NEW DELHI – India’s retail inflation in October fell to a four-month low of 4.87%, according to the latest data released by the government. This marks a decrease from September’s 5.02% and is significantly lower than the highs of 6.83% and 7.44% seen in August and July, respectively. The Reserve Bank of India (RBI), which aims to keep inflation within a range of 2%-6%, has managed to steer the economy closer to its medium-term target.
The National Statistical Office (NSO) highlighted variations between rural and urban inflation rates, with rural areas seeing a slightly higher rate of 5.12% compared to urban areas at 4.62%. Despite the overall decline in inflation, the food basket experienced a marginal increase from September’s 6.56% to 6.61% in October. However, vegetable inflation saw a drop from 3.39% in September to 2.70%.

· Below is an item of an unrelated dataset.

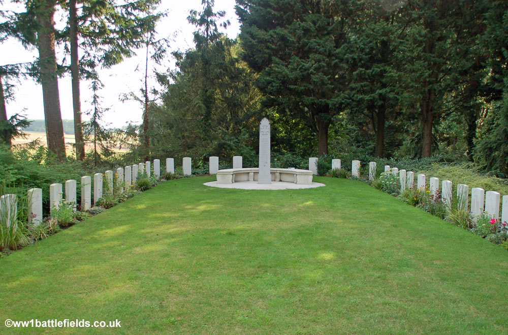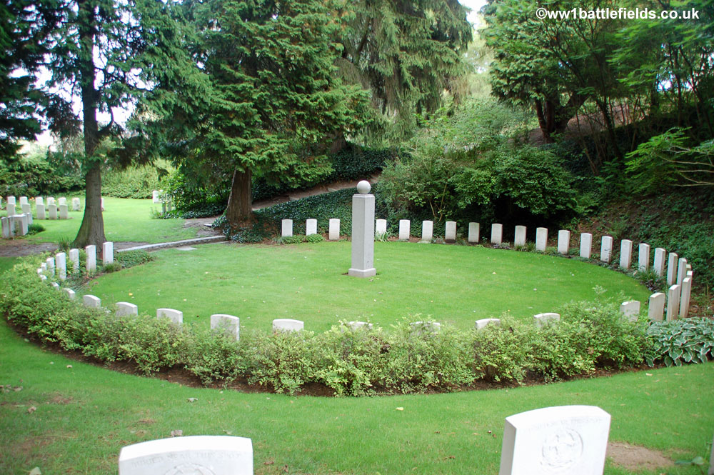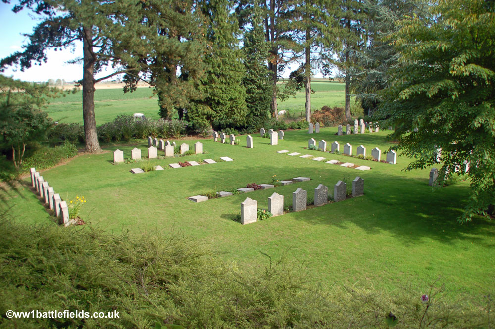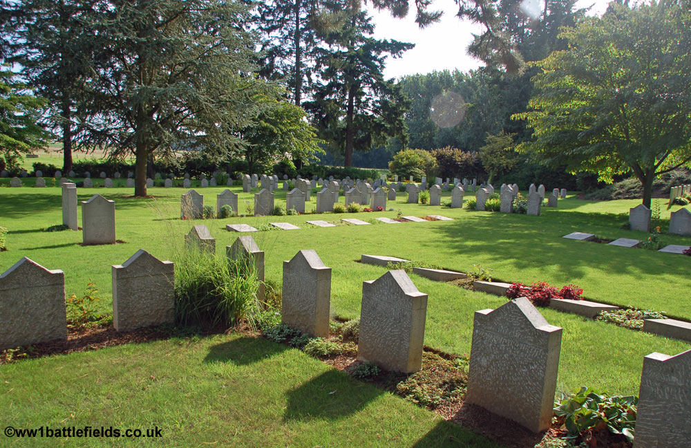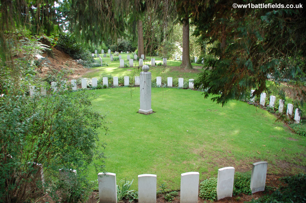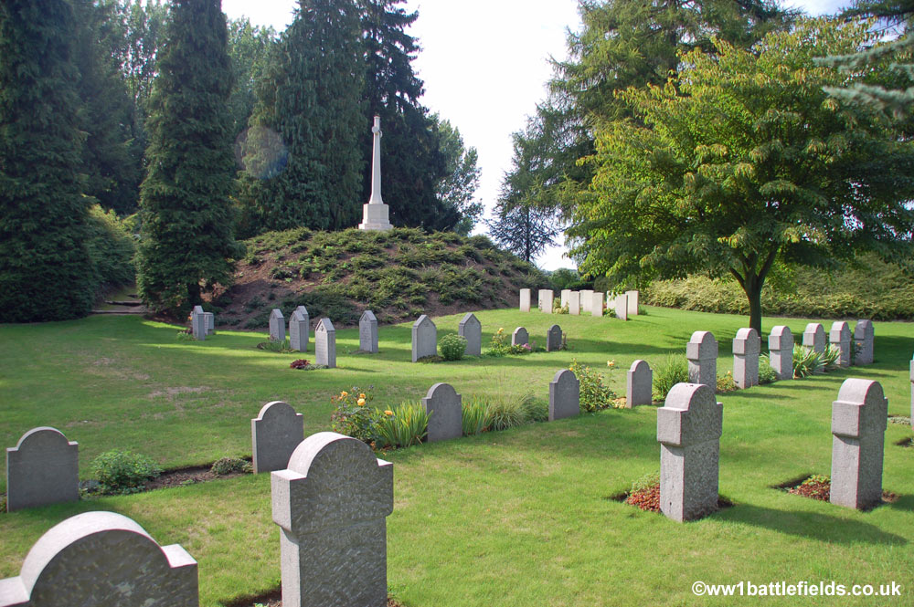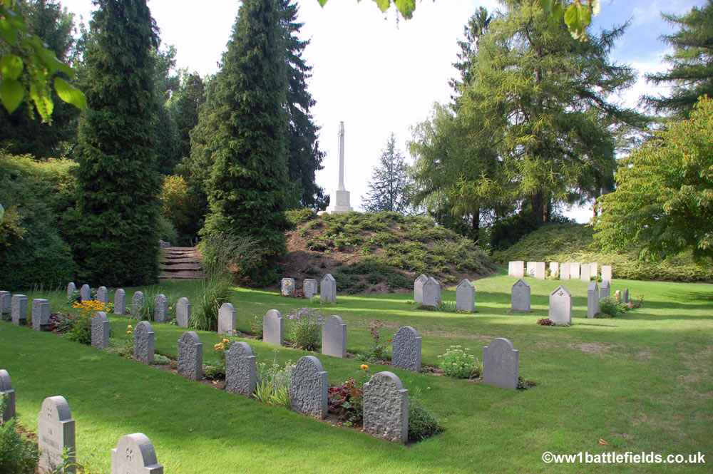 From the obelisk on top of the mound there are good views to the right and left across the cemetery which was designed to resemble a park, with separate and distinct areas for groups of graves. The cemetery was originally started by the Germans in August 1914, after the Battle of Mons. By the Armistice there were 245 German and 188 Commonwealth graves here, but this number was later added to by the concentration of graves from a number of other burial sites and cemeteries. There are in total a little over 500 graves here today, with 229 Commonwealth burials, and 284 German graves.

A notable price surge was observed in spices, with an increase of 22.76%. This specific rise contrasts with the general trend of easing inflation across other categories.
The RBI has maintained the repo rate, which is the rate at which it lends to commercial banks, at 6.50% for the fourth consecutive time as of October 6. This decision reflects the central bank’s efforts to balance controlling inflation with the need for economic growth. Steady central bank lending rates are essential as they influence loan interest rates from commercial banks, which can impact consumer spending and investment.
India’s easing inflation comes as a relief amid global economic challenges and suggests that measures taken by policymakers are having their intended effect. The RBI’s steady hand on monetary policy appears to be supporting an environment conducive to sustainable growth while keeping inflation pressures in check.